Look through the entries below and copy exactly the part that begins with the line containing "Imagen del 1" and ends with the line containing "Acogedora habitación ubicada". Do not copy the pictures.
##### Data provided #####
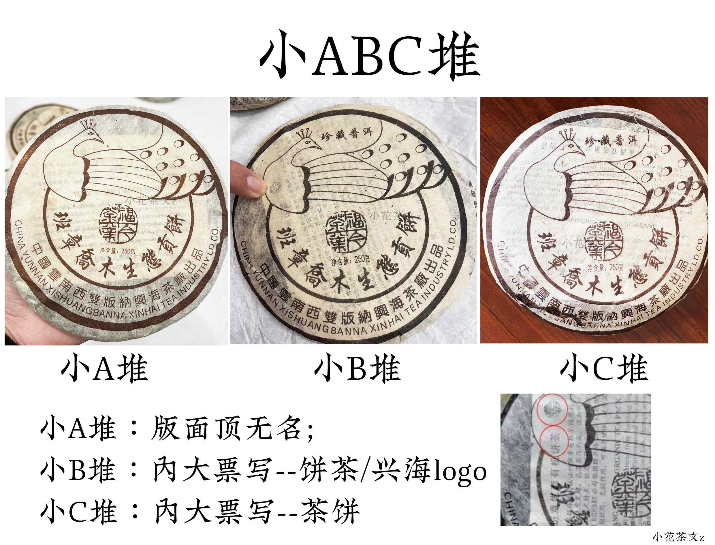 在茶圈会经常有人说起“A堆”、"B堆"、“C堆”、"D堆"等,很多新茶友有不知道这是什么暗号,或者什么暗语。其实ABCD堆,是2004年何氏兄弟把收购来的质优茶料,委托给兴海茶厂生产的几款孔雀饼茶。下面我们一起说说这些“字母茶”的来历:
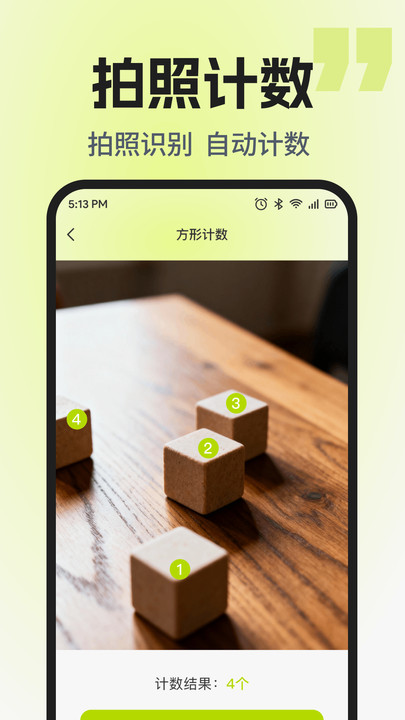 3、 内置拍照计数功能,可自动识别并统计画面中方形、圆形等特定形状的物品数量。
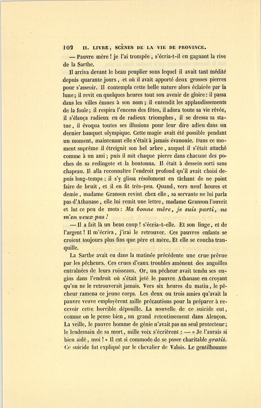 {p. 102} – Pauvre mère ! je l’ai trompée, s’écria-t-il en gagnant la rive de la Sarthe.
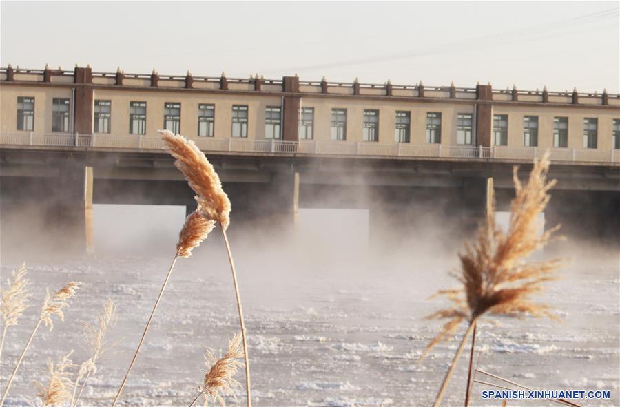 Imagen del 1 de enero de 2020 del río Amarillo cubierto de niebla en la sección cercana al Proyecto de Control de Agua de Sanshenggong, en la región autónoma de Mongolia Interior, en el norte de China. La niebla se forma cuando el vapor de agua se condensa en peque?as gotas al encontrarse con el aire frío.
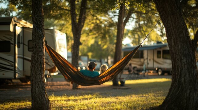 Couple relaxing in hammock near RVs
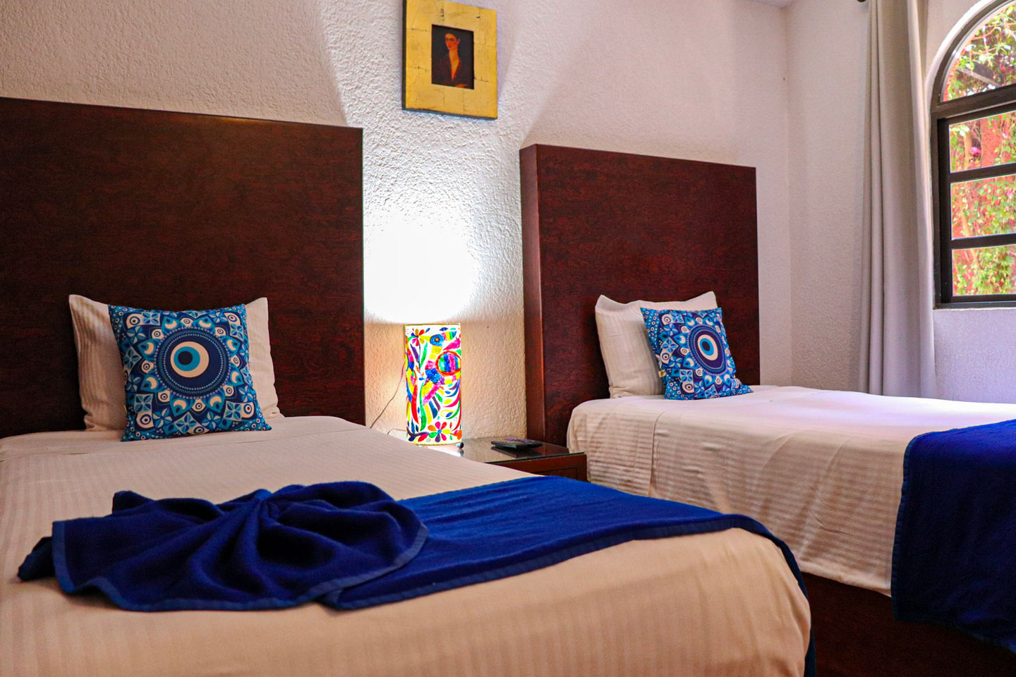 Acogedora habitación ubicada en la planta baja, 2 camas individuales, escritorio, ventilador de torre bajo solicitud, caja fuerte, baño completo compartido.
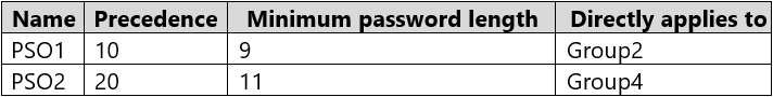 The contoso.com domain has the Password Settings Objects (PSOs) shown in the following table.
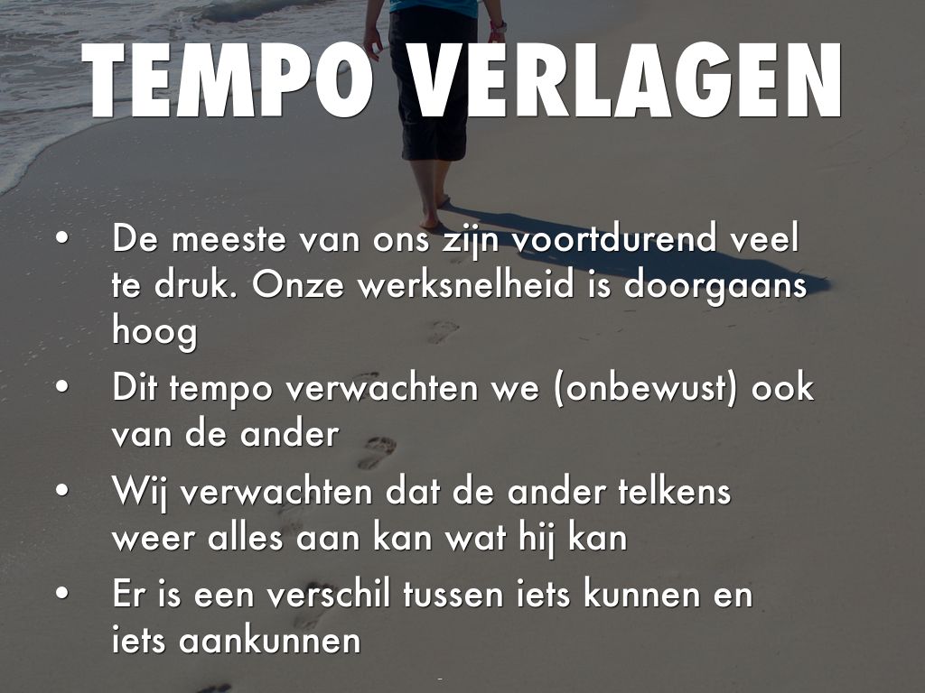- Dit tempo verwachten we (onbewust) ook van de ander
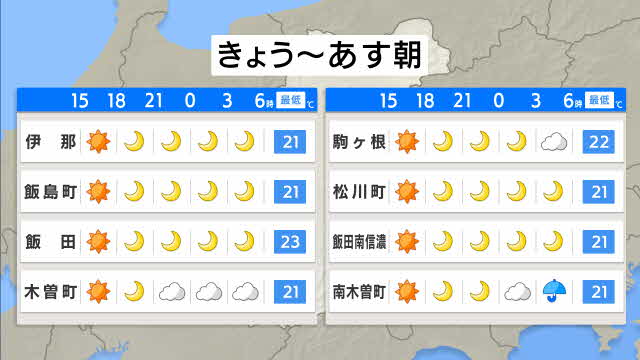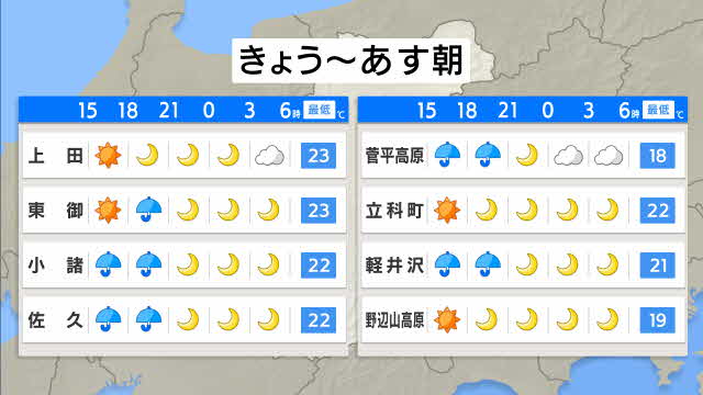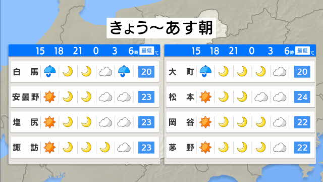 猛暑続く…38度予想の松本市 2日連続で熱中症警戒アラート発表 午後から大気不安定で局地的な激しい雨に注意 2024年7月23日(火) 11:30 国内 一方、23日は昼過ぎから夜遅くにかけて大気の状態が非常に不安定となる見込みで、長野地方気象台は、雷や竜巻などの激しい突風や局地的な激しい雨に注意するよう呼びかけています。 北部と中部では低い土地の浸水にも注意が必要だということです。
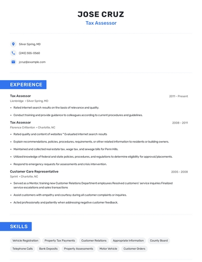 Build a professional tax assessor resume in minutes. Browse through our resume examples to identify the best way to word your resume. Then choose from 5+ resume templates to create your tax assessor resume.
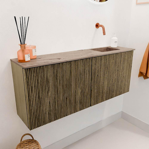 Met dit prachtige meubel geef je jouw toiletruimte direct een stijlvolle en functionele upgrade. Het combineert een tijdloos design met praktische eigenschappen, waardoor het niet alleen mooi oogt, maar ook perfect aansluit op jouw dagelijkse gebruik. De warme kleur Dusk in combinatie met de elegante Arena wastafel zorgt voor een rustige en uitnodigende sfeer. Dankzij het geraamte van melamine en de hoogwaardige afwerking met massief eikenhout en eikenfineer, ervaar je een meubel dat duurzaam is en lang meegaat. De subtiele verticale ribbels voegen een verfijnde textuur toe, waardoor het meubel een luxe uitstraling krijgt zonder te overheersen. Dit meubel maakt van jouw toilet een plek waar je met plezier even tot rust komt, terwijl je profiteert van slimme details die het gebruiksgemak verhogen.
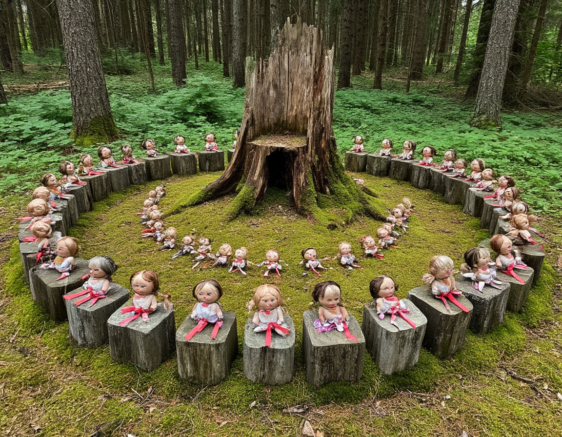 И вот я вышел на поляну. Она была круглой, неестественно правильной формы, будто ее вырезали ножом. В центре стоял старый, почти сгнивший пень, похожий на трон. А вокруг него, на земле, лежало то, от чего кровь застыла в жилах.
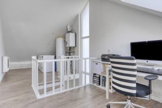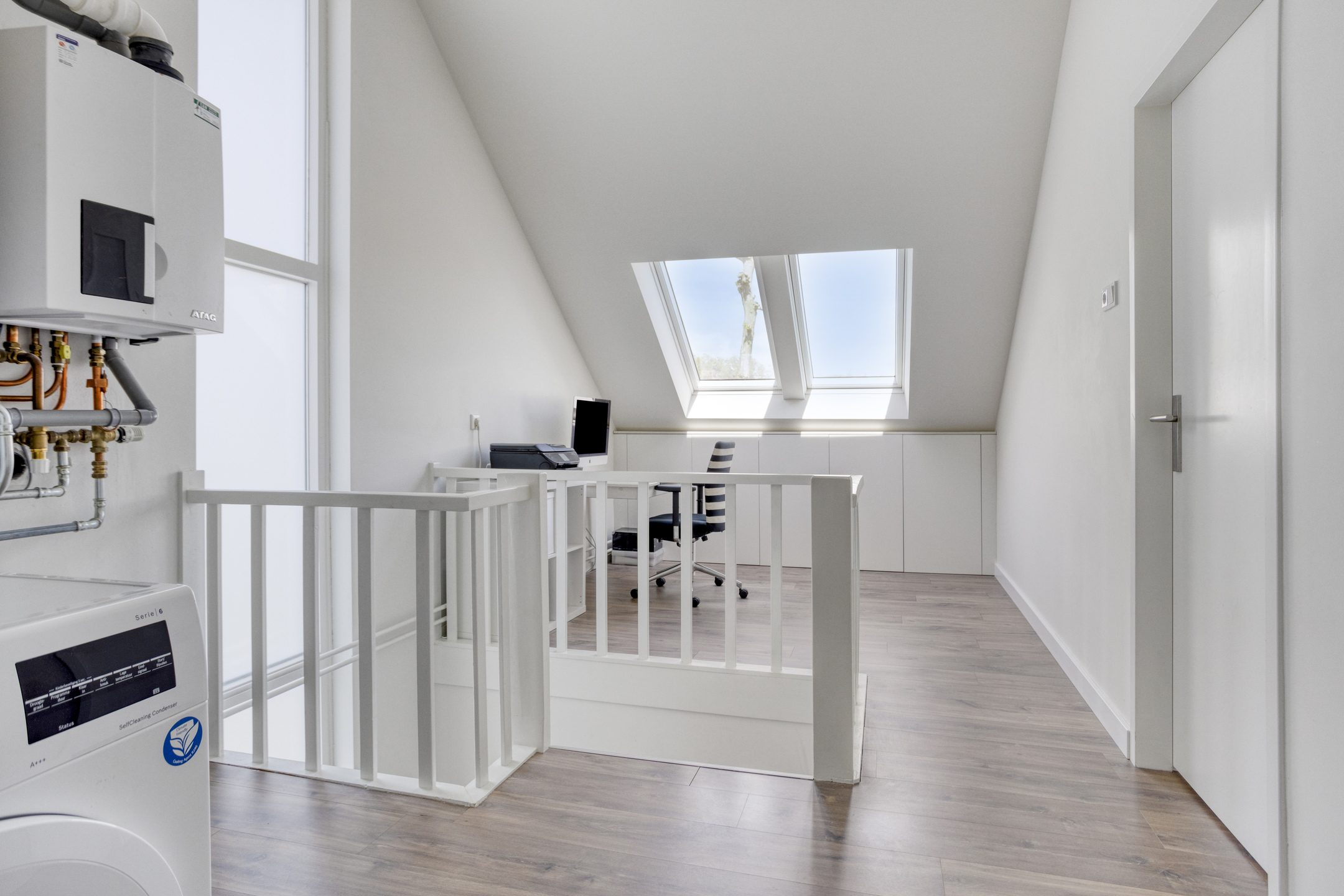 De vaste houten trap brengt je naar de tweede verdieping. Op de voorzolder bevinden zich de aansluitingen voor wasapparatuur, de cv-installatie én de boilerunit met zonnecollector. Twee dakramen zorgen voor prettig daglicht, en er is voldoende ruimte voor een werkplek of kantoorgedeelte.
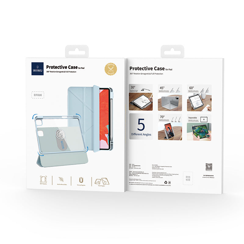 Wiwu 360° Dönebilen Tablet Kılıfı, üstün kaliteli PC ve TPU malzemelerinden üretilmiştir. Bu kılıf, tabletinizi her açıdan koruyarak darbe, çizik ve düşmelere karşı mükemmel bir savunma sağlar. Şık tasarımı ve dayanıklı yapısıyla, tabletinizi her zaman güvende tutarken estetik görünümünden ödün vermez.
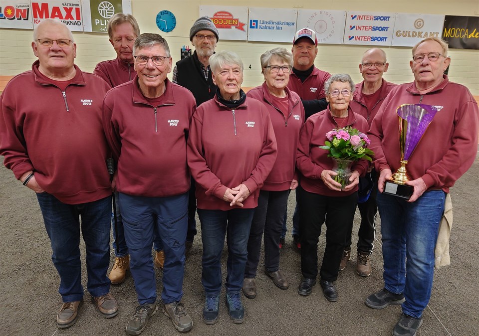 Tjustserien inomhus har som tidigare meddelats på denna sida spelats klart och vinnande lag är Hjorted BK! Från vänsteri bild: Kolbjörn Borgen, Tommy Ternefors, Svante Ottosson, Christian Hatzl, Kerstin DiMeo Ann-Britt Nilsson, Daniel Borgen, Astrid Andersson, Per-Olof Bjerkhaug och Håkan Gustavsson. I laget har under serien spelat: Ingvar Pehrsson, Mats Hedin och Clas-Ove Gren. Laget tar härmed sin första inteckning i det för Tjustserien inomhus instiftade vandringspris! Noterbart är att 2022>2023 års inomhusserie är det första sedan 2018>2019 eftersom en pandemi kom emellan.... Stort GRATTIS till Hjorted BK!
#####
**Answer area:**
 Imagen del 1 de enero de 2020 del río Amarillo cubierto de niebla en la sección cercana al Proyecto de Control de Agua de Sanshenggong, en la región autónoma de Mongolia Interior, en el norte de China. La niebla se forma cuando el vapor de agua se condensa en peque?as gotas al encontrarse con el aire frío.
 Couple relaxing in hammock near RVs
 Acogedora habitación ubicada en la planta baja, 2 camas individuales, escritorio, ventilador de torre bajo solicitud, caja fuerte, baño completo compartido.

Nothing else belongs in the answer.